Aim of the task:
Every line below needs to be transcribed without alteration, and no image may be carried over.

Material provided:
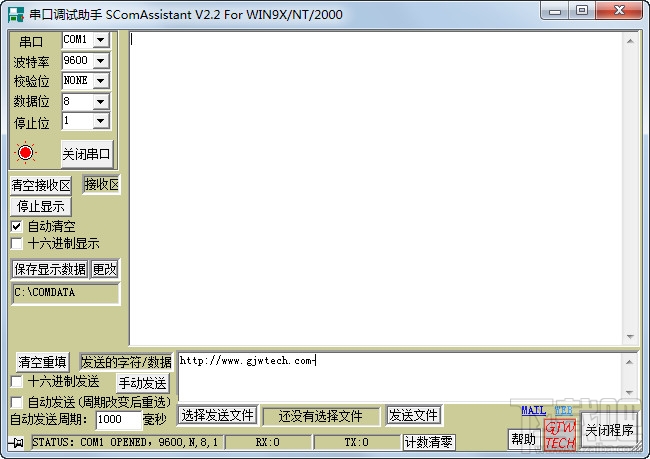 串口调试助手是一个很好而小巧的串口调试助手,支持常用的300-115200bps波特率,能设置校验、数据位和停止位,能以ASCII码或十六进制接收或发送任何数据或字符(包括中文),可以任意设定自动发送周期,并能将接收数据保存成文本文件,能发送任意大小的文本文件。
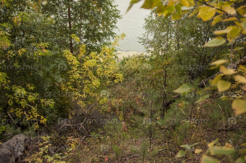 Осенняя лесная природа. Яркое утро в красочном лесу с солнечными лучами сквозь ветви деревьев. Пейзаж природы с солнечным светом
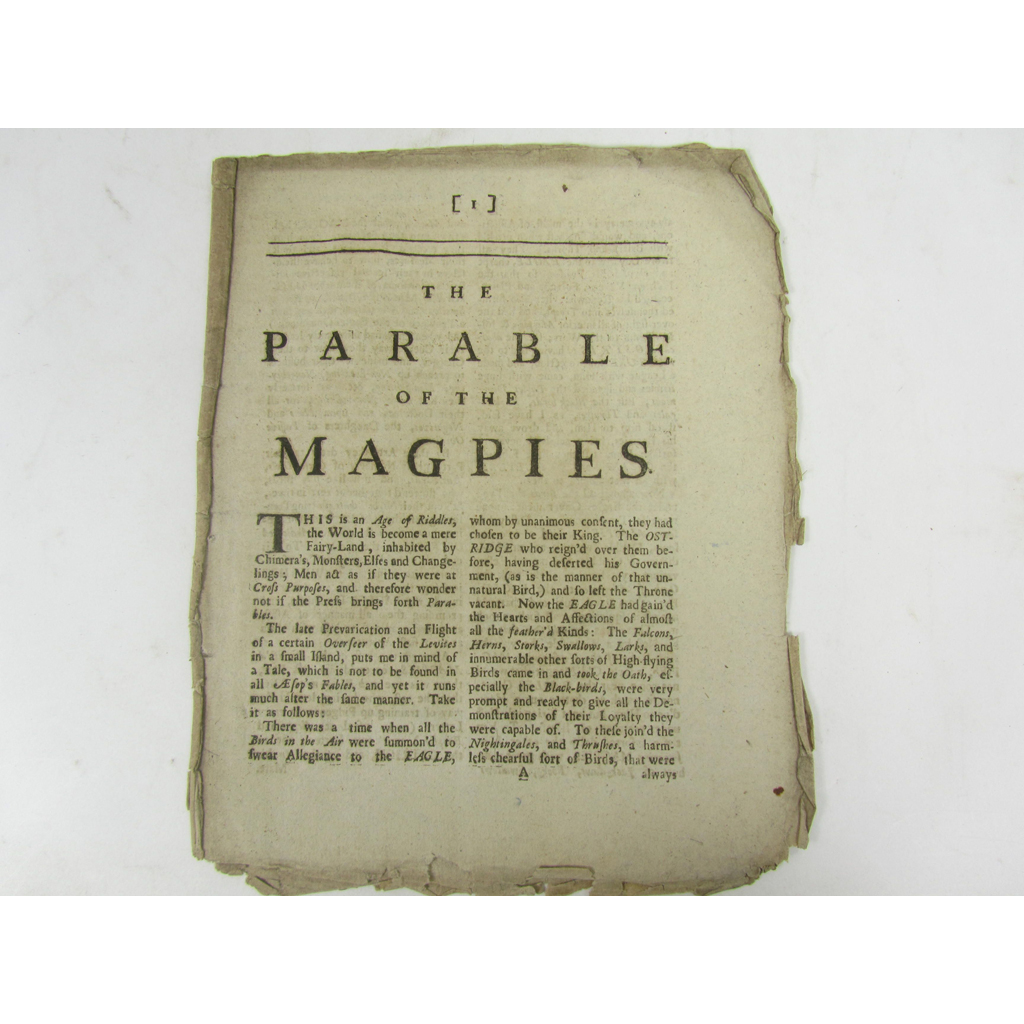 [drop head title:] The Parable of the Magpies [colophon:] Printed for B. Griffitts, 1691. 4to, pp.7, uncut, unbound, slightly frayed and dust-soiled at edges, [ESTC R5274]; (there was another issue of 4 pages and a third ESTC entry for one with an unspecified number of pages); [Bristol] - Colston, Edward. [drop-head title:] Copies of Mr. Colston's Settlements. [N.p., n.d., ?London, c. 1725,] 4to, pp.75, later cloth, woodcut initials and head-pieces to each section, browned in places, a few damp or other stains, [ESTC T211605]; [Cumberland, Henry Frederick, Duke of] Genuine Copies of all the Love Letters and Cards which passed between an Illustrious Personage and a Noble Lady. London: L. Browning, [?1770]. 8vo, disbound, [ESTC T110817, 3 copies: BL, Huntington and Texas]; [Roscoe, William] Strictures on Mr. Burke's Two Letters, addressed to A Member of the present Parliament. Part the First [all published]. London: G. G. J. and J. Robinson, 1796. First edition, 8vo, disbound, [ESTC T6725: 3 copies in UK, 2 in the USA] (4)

Solved exercise:
 串口调试助手是一个很好而小巧的串口调试助手,支持常用的300-115200bps波特率,能设置校验、数据位和停止位,能以ASCII码或十六进制接收或发送任何数据或字符(包括中文),可以任意设定自动发送周期,并能将接收数据保存成文本文件,能发送任意大小的文本文件。
 Осенняя лесная природа. Яркое утро в красочном лесу с солнечными лучами сквозь ветви деревьев. Пейзаж природы с солнечным светом
 [drop head title:] The Parable of the Magpies [colophon:] Printed for B. Griffitts, 1691. 4to, pp.7, uncut, unbound, slightly frayed and dust-soiled at edges, [ESTC R5274]; (there was another issue of 4 pages and a third ESTC entry for one with an unspecified number of pages); [Bristol] - Colston, Edward. [drop-head title:] Copies of Mr. Colston's Settlements. [N.p., n.d., ?London, c. 1725,] 4to, pp.75, later cloth, woodcut initials and head-pieces to each section, browned in places, a few damp or other stains, [ESTC T211605]; [Cumberland, Henry Frederick, Duke of] Genuine Copies of all the Love Letters and Cards which passed between an Illustrious Personage and a Noble Lady. London: L. Browning, [?1770]. 8vo, disbound, [ESTC T110817, 3 copies: BL, Huntington and Texas]; [Roscoe, William] Strictures on Mr. Burke's Two Letters, addressed to A Member of the present Parliament. Part the First [all published]. London: G. G. J. and J. Robinson, 1796. First edition, 8vo, disbound, [ESTC T6725: 3 copies in UK, 2 in the USA] (4)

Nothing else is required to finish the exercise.